This implementation is designed to show key aspects of the VPlan model, demonstrating how it can capture precisely *all* vectorization decisions taken inside a to-be vectorized loop by the current Loop Vectorizer, and carry them out. It is therefore practically an NFC patch, with slight disclaimers listed below. The VPlan model implemented strives to be compact , addressing compile-time concerns. More technical details are documented in the rst file attached. The patch can be broken down into several hunks for incremental landing; a tentative break-down list is provided below.

Thanks to the Intel vectorization team for this joint effort,
Gil and Ayal.

Deviation from current functionality:

  • Debug printout of “LV: Scalarizing [and predicating]: <inst>” – VPlan carries out these decisions before Cost-Model’s printouts, unlike current behavior.
  • Placement of extracts moved to basic-block of users: at start of this basic-block vs. before first user; the distinct orders should be insignificant, subject to scheduling.
  • Redundant basic-blocks/phi’s – these are insignificant, subject to subsequent clean-up.

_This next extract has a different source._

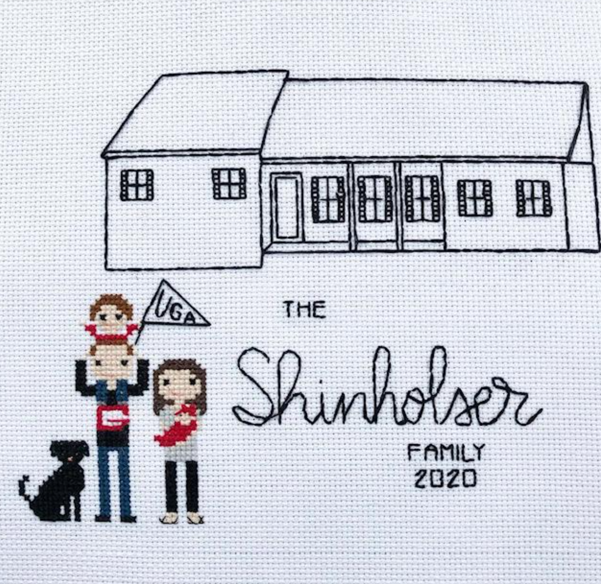 Your cross stitched family portrait will be stitched on white or sea salt colored DMC Aida 14 fabric (you may request a different color when ordering). The measurements of the final product will vary based on the number of people/pets in the portrait. Your portrait will be UNFRAMED. You can then frame it yourself in a hoop, in a shadow box or matted and framed.

Tentative break-down; some tasks refactor or fix current LV, some introduce parts of VPlan:

  • refactor Cost-Model to provide MaxVF and early-exit methods.
  • refactor ILV to provide vectorizeInstruction, getScalarValue, getVectorValue, widenIntInduction, buildScalarSteps, PHIsToFix/fixCrossIterationPHIs, and possibly additional methods.
  • fix Unroller’s getScalarValue() to reuse ILV’s refactored getScalarValue(Part, Lane) which also sets metadata. Will simplify this patch.
  • unify the GEP reuse behavior between a vectorized wide load/store, and the wide load/store of an interleave group. Will simplify this patch.
  • have LV avoid creating redundant basic-blocks. Will help this patch be fully NFC.
  • have LV cache basic-block masks and reuse them. Will help this patch be fully NFC.
  • build initial VPlans and print them for debugging
  • convert ILV.vectorize to use LVP.executeBestPlan, keeping sinkScalarOperands() as a non-VPlan post-processing method.
  • optimize VPlans by introducing sinkScalarOperands() and print them for debugging
  • use VPlan’s sinkScalarOperands() instead of the non-VPlan version

[1] RFC
[2] Extending LoopVectorizer towards supporting OpenMP4.5 SIMD and outer loop auto-vectorization, 2016 LLVM Developers' Meeting

Diff Detail

Event Timeline

There are a very large number of changes, so older changes are hidden. Show Older Changes
rengolin added inline comments.Jan 27 2017, 4:01 AM
docs/VectorizationPlan.rst
241

I believe this is not possible, but that's ok.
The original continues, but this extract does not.